In an 80 m2 loft in New York, the patina of time and history give way to a new life.
Although many of the old artist residences have been devoured by new skyscrapers, pockets of nostalgia persist on the streets of New York’s NoHo neighborhood. Nine years ago, the founder of the New Operations Workshop, Gabriel Yuri, was lucky enough to find one when his real estate agent showed him a partially renovated 800-square-foot studio apartment in a 19th-century building that had been, at various times, a fur shop, an artists’ retreat and a women’s home. Even in its disorganized state — with new walls plastered over some 1830s brick and half-finished hardwood floors — Diller alumnus Scofidio + Renfro saw its potential.
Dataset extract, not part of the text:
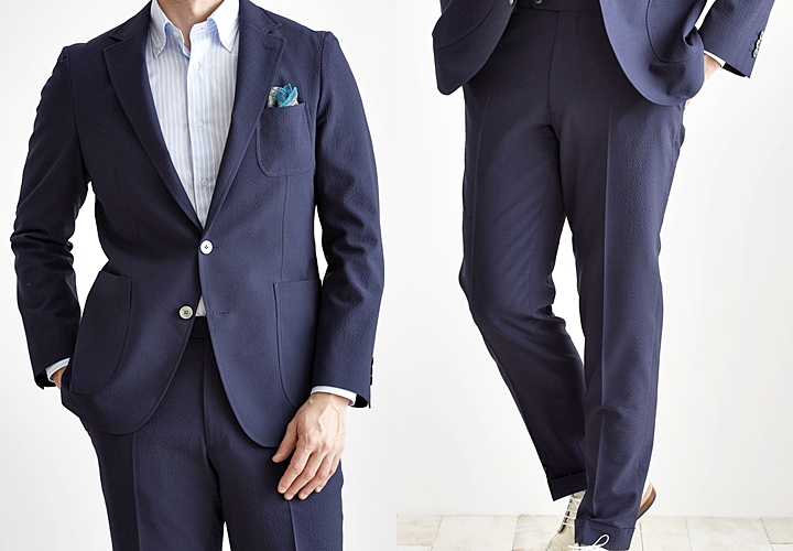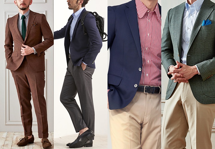 手軽に着回せるセットアップは、ネイビー・グレーの無地がオススメ。中に着るアイテムを変えることで、ドレスライクにもカジュアルライクにできます。個性的でラフな印象を求める仕上げ方には、ベージュやイエローなど明るい色もぜひ候補に。 さらに季節に合わせて、リネンウール、シアサッカーなど素材感のあるスタイルを選んで、周りと差をつけられます。チェックやストライプなどの柄物をアクセントとして取り入れるのも効果的。
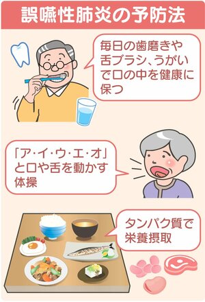 今回は誤嚥(ごえん)性肺炎の「味方」についてです。誤嚥性肺炎とは、本来食道へ入るはずの食べ物や唾液、口の中の細菌などが誤って気道に入り、肺に炎症を起こす病気です。高齢者に多く、再発を繰り返すことで命に関わることもあります。原因には、かむ・のみ込む力の衰え(嚥下(えんげ)障害)や口の筋肉や感覚が弱まる「オーラルフレイル」、脳卒中、認知症、パーキンソン病、糖尿病などの基礎疾患が関係します。

Gabriel Yuri sits at a Tom Dixon screw table in the dining area, where bespoke shelves, a George Nelson pendant and his grandmother’s Jens Risom chairs play with each other with their round and linear shapes.
“Most of what I found had been renovated without any charm,” recalls Yuri of the boring apartments that dominated the ads. “I wanted something with history and character, so it was great to find this apartment when it was still partly intact.”
Many might have been daunted by the amount of work, but Yuri rose to the challenge. He spent almost four years to eliminate traces of previous renovation works – often alone, sometimes with the help of a professional – restoring the original pine floors in the living room and highlighting the existing bricks, exposed pipes and steel beams which had been covered throughout the space. And he was still lucky afterwards: when the new neighbors discarded the original tin ceiling tiles during their renovationYuri installed them in the kitchen and in the entrance corridor: a delicate reference to the building’s past that integrates with the new industrial-style steel kitchen furniture. He also found original fretwork windows, which he used above the bedroom door to let light penetrate deeper into the apartment, and built a bench sectional sofa and daybed in the living room to hide structural changes from the building’s facade work.